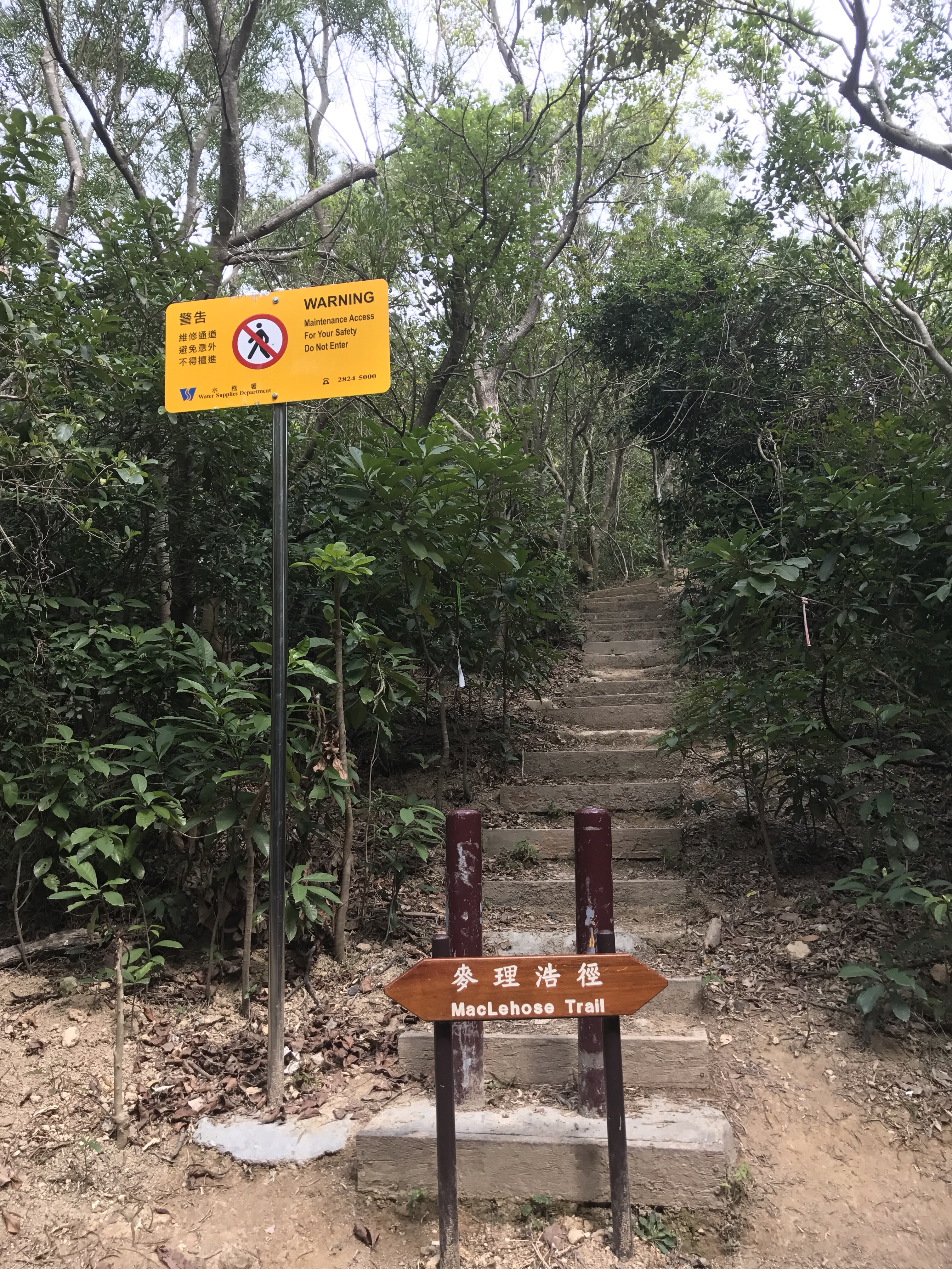 我們一路沿著赤徑方向步行約1.5小時,便到達「蚺蛇尖」入口。⛰️⛰️看到黃色警告牌,這裹就是登上「蚺蛇尖」的入口。
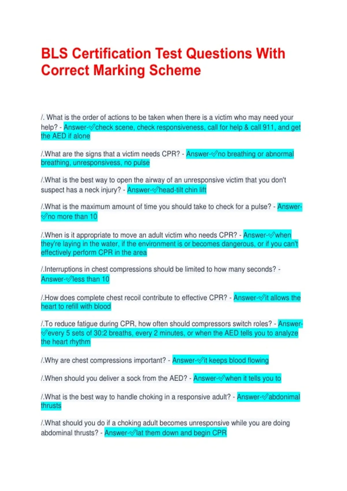 BLS Certification Test Questions With Correct Marking Scheme /. What is the order of actions to be taken when there is a victim who may need your help? - Answer-check scene, check responsiveness, call for help & call 911, and get the AED if alone /.What are the signs that a victim needs CPR? - Answer-no breathing or abnormal breathing, unresponsivess, no pulse /.What is the best way to open the airway of an unresponsive victim that you don't suspect has a neck injury? - Answer-head-tilt chin lift /.What is the maximum amount of time you should take to check for a pulse? - Answer-no more than 10 /.When is it appropriate to move an adult victim who needs CPR? - Answer-when they're laying in the water, if the environment is or becomes dangerous, or if you can't effectively perform CPR in the area /.Interruptions in chest compressions should be limited to how many seconds? - Answer-less than 10 /.How does complete chest recoil contribute to effective CPR? - Answer-it allows the heart to refill with blood /.To reduce fatigue during CPR, how often should compressors switch roles? - Answer-every 5 sets of 30:2 breaths, every 2 minutes, or when the AED tells you to analyze the heart rhythm /.Why are chest compressions important? - Answer-it keeps blood flowing /.When should you deliver a sock from the AED? - Answer-when it tells you to /.What is the best way to handle choking in a responsive adult? - Answer-abdonimal thrusts /.What should you do if a choking adult becomes unresponsive while you are doing abdominal thrusts? - Answer-lat them down and begin CPR
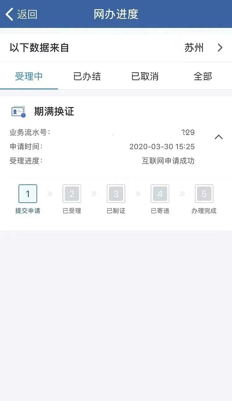 6.申请后需要经过受理、制证等流程,可在首页下方【网办进度】中查询。
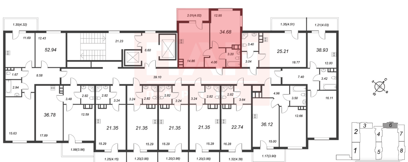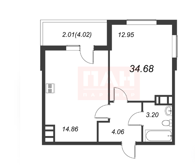 Общая площадь 34.7 м2
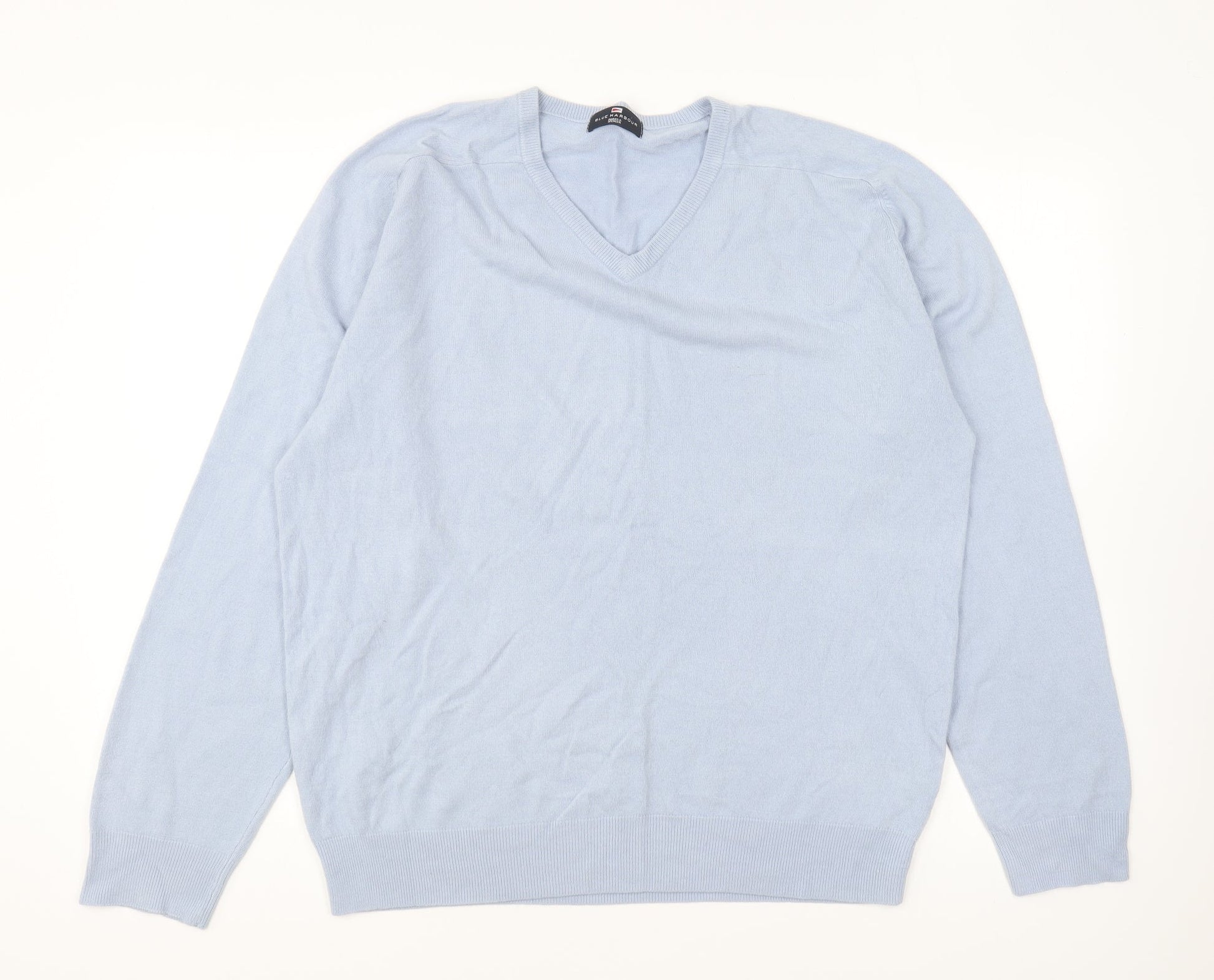 Marks and Spencer Mens Blue V-Neck Acrylic Pullover Jumper Size L
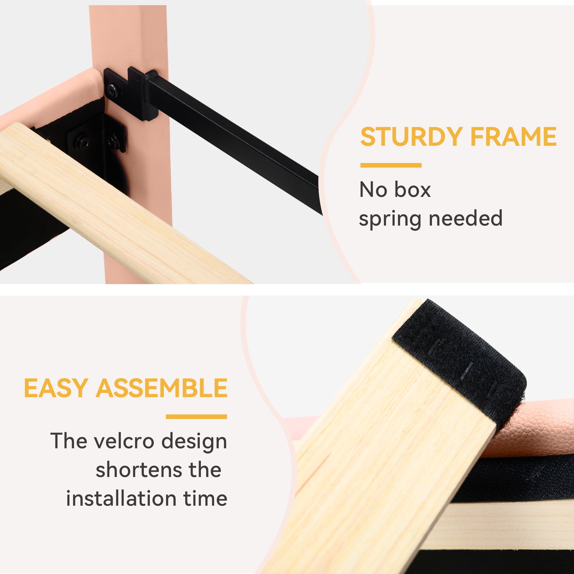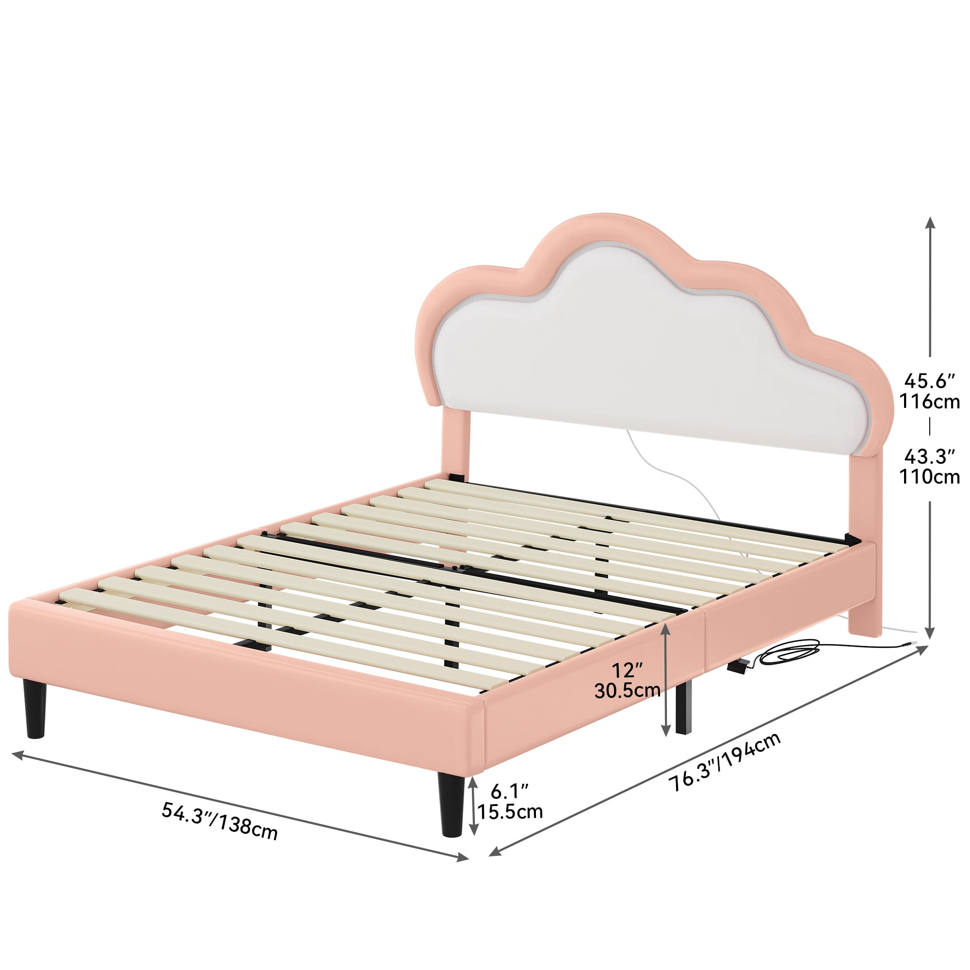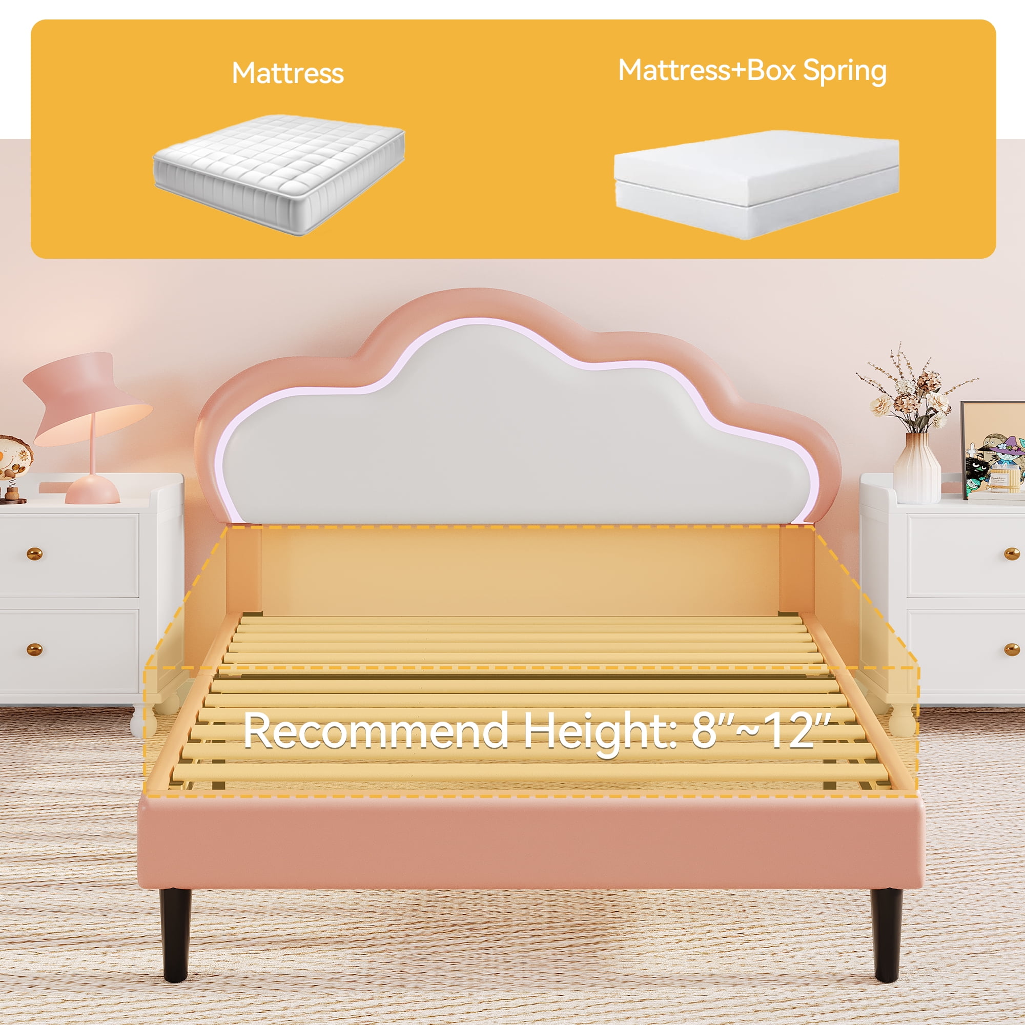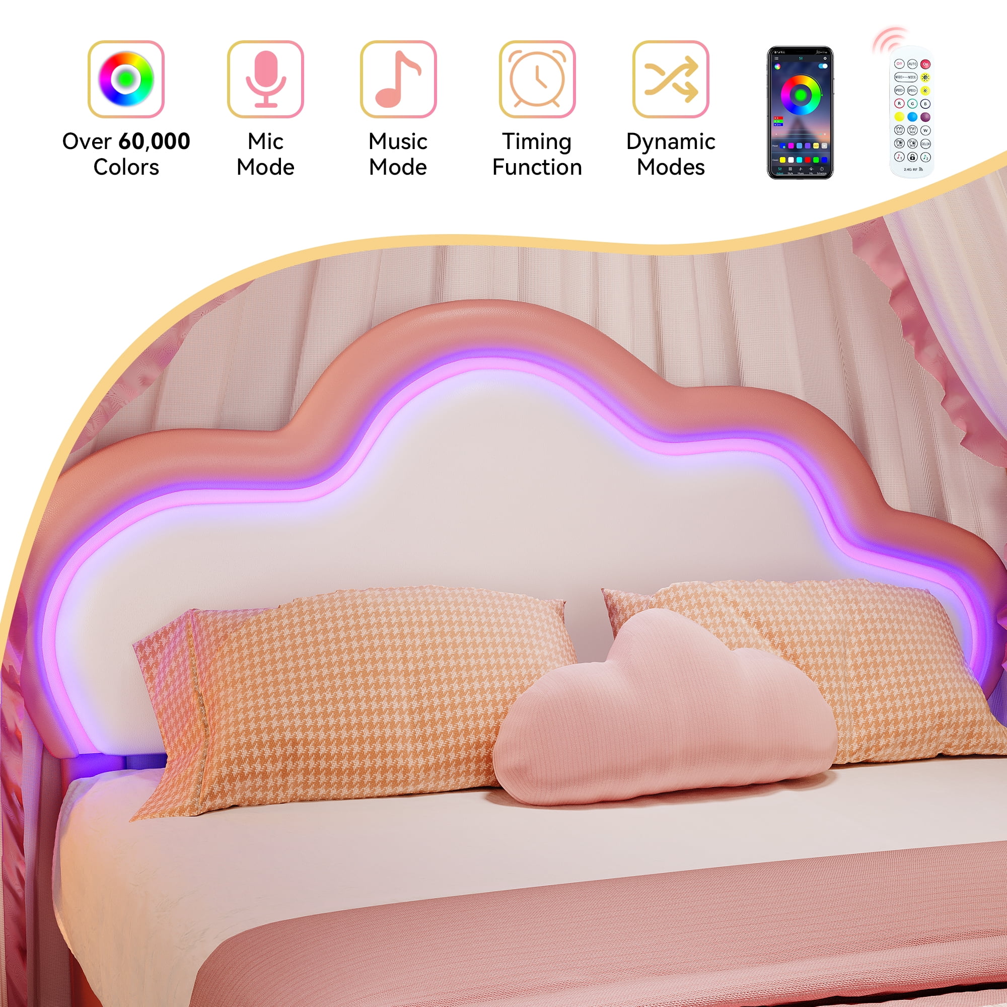 Dextrus Full Size Pink LED Bed Frame with Adjustable Headboard, Wood and Steel Room Glow – Reinvent your bedroom with our LED-integrated bed frame, providing over 16 million color variations and 20+ pre-configured effects for an engaging in-home light spectacle Unmatched Comfort – Bask in the luxury of our pink cloud headboard, adjustable from 433″ to 456″, filled with high-bounce foam and built-in LED lights, suitable for 8″ to 12″ mattresses Space Efficiency – Leverage space with our 63″ elevated full bed frame, offering generous under-bed storage for a clutter-free bedroom Simple Assembly – Set-up is straightforward with included tools and instructions Our responsive customer support team is always available for help Restful Repose – Find tranquility with our robust, quiet platform bed frame, crafted from metal legs and wooden slats A Velcro strip and noiseless bar reduce friction for uninterrupted sleep

» WHAT IS EXPECTED
Print all of the records shown above exactly, leaving out each picture.

» THE COMPLETED TASK
 我們一路沿著赤徑方向步行約1.5小時,便到達「蚺蛇尖」入口。⛰️⛰️看到黃色警告牌,這裹就是登上「蚺蛇尖」的入口。
 BLS Certification Test Questions With Correct Marking Scheme /. What is the order of actions to be taken when there is a victim who may need your help? - Answer-check scene, check responsiveness, call for help & call 911, and get the AED if alone /.What are the signs that a victim needs CPR? - Answer-no breathing or abnormal breathing, unresponsivess, no pulse /.What is the best way to open the airway of an unresponsive victim that you don't suspect has a neck injury? - Answer-head-tilt chin lift /.What is the maximum amount of time you should take to check for a pulse? - Answer-no more than 10 /.When is it appropriate to move an adult victim who needs CPR? - Answer-when they're laying in the water, if the environment is or becomes dangerous, or if you can't effectively perform CPR in the area /.Interruptions in chest compressions should be limited to how many seconds? - Answer-less than 10 /.How does complete chest recoil contribute to effective CPR? - Answer-it allows the heart to refill with blood /.To reduce fatigue during CPR, how often should compressors switch roles? - Answer-every 5 sets of 30:2 breaths, every 2 minutes, or when the AED tells you to analyze the heart rhythm /.Why are chest compressions important? - Answer-it keeps blood flowing /.When should you deliver a sock from the AED? - Answer-when it tells you to /.What is the best way to handle choking in a responsive adult? - Answer-abdonimal thrusts /.What should you do if a choking adult becomes unresponsive while you are doing abdominal thrusts? - Answer-lat them down and begin CPR
 6.申请后需要经过受理、制证等流程,可在首页下方【网办进度】中查询。
 Общая площадь 34.7 м2
 Marks and Spencer Mens Blue V-Neck Acrylic Pullover Jumper Size L
 Dextrus Full Size Pink LED Bed Frame with Adjustable Headboard, Wood and Steel Room Glow – Reinvent your bedroom with our LED-integrated bed frame, providing over 16 million color variations and 20+ pre-configured effects for an engaging in-home light spectacle Unmatched Comfort – Bask in the luxury of our pink cloud headboard, adjustable from 433″ to 456″, filled with high-bounce foam and built-in LED lights, suitable for 8″ to 12″ mattresses Space Efficiency – Leverage space with our 63″ elevated full bed frame, offering generous under-bed storage for a clutter-free bedroom Simple Assembly – Set-up is straightforward with included tools and instructions Our responsive customer support team is always available for help Restful Repose – Find tranquility with our robust, quiet platform bed frame, crafted from metal legs and wooden slats A Velcro strip and noiseless bar reduce friction for uninterrupted sleep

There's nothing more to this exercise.